A great emptiness now seemed to fill me and engulf my life.  I was lonely in a way that companionship with friends and even my deeper conversations with Jack Quirk couldn't fill.  It was a spiritual loneliness that he demonstrated with a voice that echoed in the void, "Is anybody there?" It was an existential voice that posed a question the answer to which was the lack of any answer.  I had asked this question that night years before when I had almost died on River Road, and the answer still reverberated, not answered and yet not unanswered.  Still it echoed in the void which meant that it had continued to be asked.  An argument from silence is not valid historical method.  The lack of an answer is not a definitive proof.  I still wanted to know:  Is anybody there?  The question was still valid and the lack of an answer proved nothing.  Perhaps the question itself was invalid if posed to a God who proved to be as distant and uninvolved as that imagined by the Deists.  Perhaps the question of a greater spiritual reality could be posed to a closer and less disinterested entity.  But where to find one?

Springtime came and with it graduation.  Rather than defined by the second year student, the term "sophomoric" might better serve as a description for one with a newly minted bachelor's degree who now believes himself to be an anointed expert in his chosen field of endeavor.  I saw my new diploma as proof that I was now a bona fide expert in matters religious, historical and theological, and as a credential that justified my quest to prove my evolving theory that to find God required a first step of establishing the existence of the supernatural.  I saw this as both a spiritual quest and an academic pursuit, and it made perfect sense to me that success could lead to a paper far beyond the scope of my discarded senior thesis.  Maybe even a book.

Graduation was in mid April of 1977, and I spent the next couple of weeks in the library reading what I could find on spiritualism and the supernatural.  There was little of scientific or academic value in the works I found, and it was quickly apparent that occultists such as the theosophists were charlatans and the so called "spirit mediums" frauds.  The works of Carlos Castaneda came to mind, but to pursue this course as he did meant a chance encounter with someone who was involved in the "deeper way of knowledge," as those who practiced this sort of thing were not to be found in the Yellow Pages.

With May came the Alma College Spring Term classes, and with nothing much better to do, I served Tracy Luke's local archeology class as something like an ad hoc graduate adviser, as I had taken this class for three years and knew my way around the procedures.  I led a field survey team, which established the location of new sites of prehistoric human occupation, and required someone who could relate to local farmers and also recognize and verify the signs we were searching for.  Like my mentor, Dr.
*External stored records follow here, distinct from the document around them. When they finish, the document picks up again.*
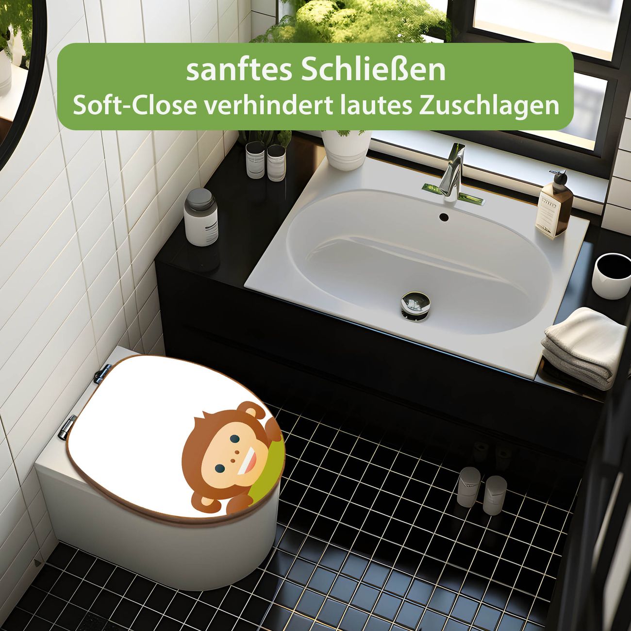Design WC-Sitz Bambus Absenkautomatik Motiv Fröhlicher Affe
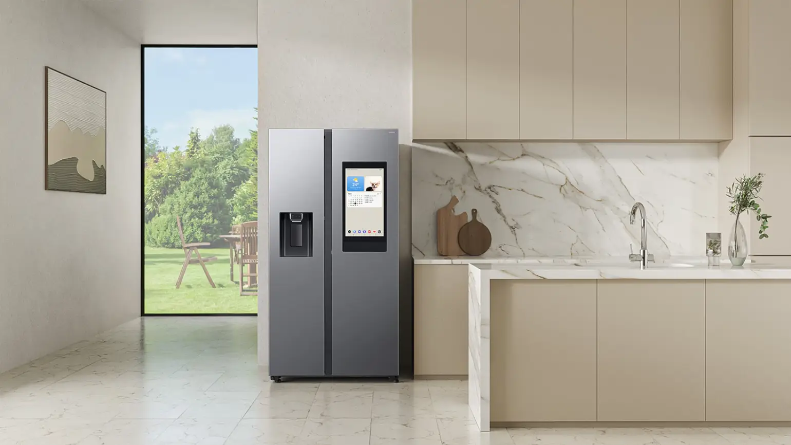 Enjoy a convenient way to control your refrigerator. Samsung Bixby* is built in, so you can control settings, select functions, and ask questions by speaking in English. And with the latest update, it now communicates based on previous conversational contexts and can recognize multiple commands in a single sentence**.
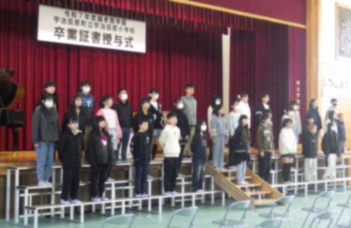 その後、卒業生の入場から始まり、式次第に沿って、開式の言葉、国歌・校歌斉唱、卒業証書授与、式辞、祝辞、卒業祝い品贈呈、卒業記念品贈呈、卒業生別れの言葉と進みました。
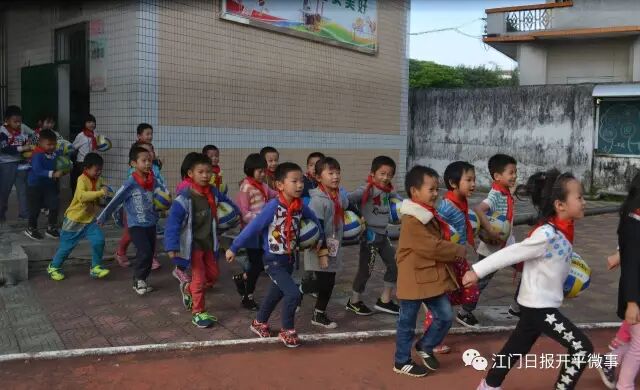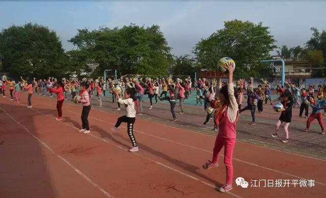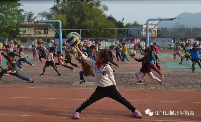 “鈴鈴鈴……”下午3:50,下課的鐘聲響起來,瞬間,一大群小朋友從各個班級里走出來,人手抱著一個排球,腳下邁著有力步伐,嘴里喊著“一,一,一二一”整齊地往運動場集合。這不是哪所體育學(xué)校的訓(xùn)練,只是開平市赤坎鎮(zhèn)江南小學(xué)日常大課間中的一幕。這所位于開平和臺山交界的農(nóng)村小學(xué),目前在校學(xué)生只有197人,卻在今年江門市第八屆運動會排球比賽中,奪得小學(xué)男子組第一名。
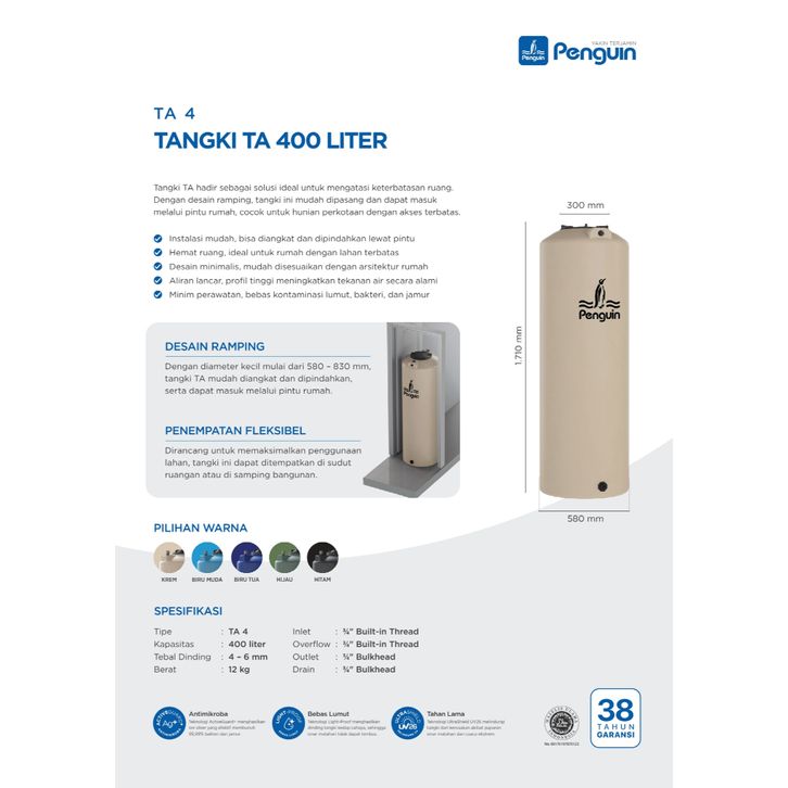 TANDON AIR PENGUIN TA 4 6 8 10 TALL TANK TOREN AIR TANGKI AIR
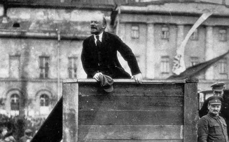 শ্রমিকদের উদ্দেশে বক্তব্য রাখছেন লেনিন।

Luke, I could be down to earth, warm and charming in such situations, just as I could be terribly caustic and upsetting in the pulpit.

One of the students in this class was a girl named Melissa McKinstry, a strange waif of a girl who babbled to herself and seemed off somewhere in her own little world.  I noticed that the other students treated her as something of a pet and an oddity, and I don't mean that in a cruel way at all, as she was also treated with a certain dignity and an amused respect.  When I mentioned to one of the boys in the class that she seemed somewhat, well, different, he said, "You mean just in general or because she does stuff like talk to dead people."  This piqued my interest and I decided that Melissa was someone who should talk to me.  And so I made it a point to strike up a conversation with her and the result of this would far exceed any expectations I could have had.

Melissa McKinstry told me of living in a farmhouse populated with ghosts, of encounters with the spirits of the dead and disenfranchised, and of a spiritual world filled with wonders and delights as well as horrors and fearsome creatures.  It was a parallel world that co-existed and interacted with the physical realm, but did so in a way that was imperceptible to any but those few who where tuned in to this other reality.  She told tales of losing her consciousness in this realm and somehow going through the motions of her life until awaking with no memories of a seven year period.  Astounding for someone 18 years of age.  Astounding for anyone, for that matter.  A relatively short time before in my life, this would have been something and someone that I would have written off as absurd and insane, or at the least greatly deluded, but in my state of mind at that time, I was fascinated.  If Carlos had his Don Juan, perhaps I had found my Melissa.

"Can you teach me?" I asked.  Her answer was that, yes, she could teach me some things, but that she wouldn't be responsible for me.  I asked her about God.  She told me that she knew nothing of God, and that she made no attempts at understanding what she experienced in a religious or philosophical way.  She only reacted to it as best she could and took what happened to her at face value only.  I asked her, "Then what does it all mean?"  She responded, "I don't know."  I asked if there was such a thing as good and evil and she answered, "Yes.  That's why I can't be responsible for you."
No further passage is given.